There is a huge difference between "some protection" and blocking the competition for many decades, because an incompetent patent office has approved many exaggerated claims, either about things that are obvious and well known by anyone in the field, but nobody was shameless enough to claim them in a patent before, or else about things that the patent filer is completely unable to do in the present, but they are claimed in the patent for the case when someone else will figure how to do them in the future.
Today the vast majority of patents are not intended for any kind of licensing and they might be even completely useless if licensed, but they are only intended for preventing competition in the market where the patent owner is active.

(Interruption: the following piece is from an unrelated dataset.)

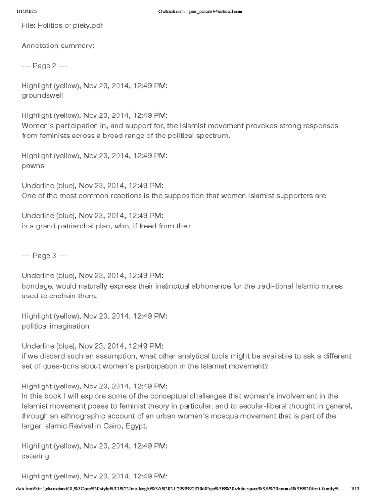 Politics Of Piety The Islamic Revival And The Feminist Subject
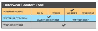100% polyester woven shell bonded to a water-resistant film insert and a 100% polyester microfleece lining

In order to be useful, a patent system should start to require again that the inventor shows a working prototype that demonstrates all the features claimed in the patent. Moreover, the patents should expire much faster, certainly not later than after 10 years from being issued. Perhaps a longer validity could be accepted for patents owned by individual inventors, but in any case not for the patents assigned to the employers of the inventors, as most patents are today. Also, patent owners should offer "Fair, Reasonable and Non-Discriminatory licensing" (FRAND), otherwise the patent should be invalidated.
Patents aren’t the only means of copying something. I would imagine China has a very sophisticated reverse engineering skill set. Made even easier since pretty much everything is made there so if you want the specs of some component you can just call someone up.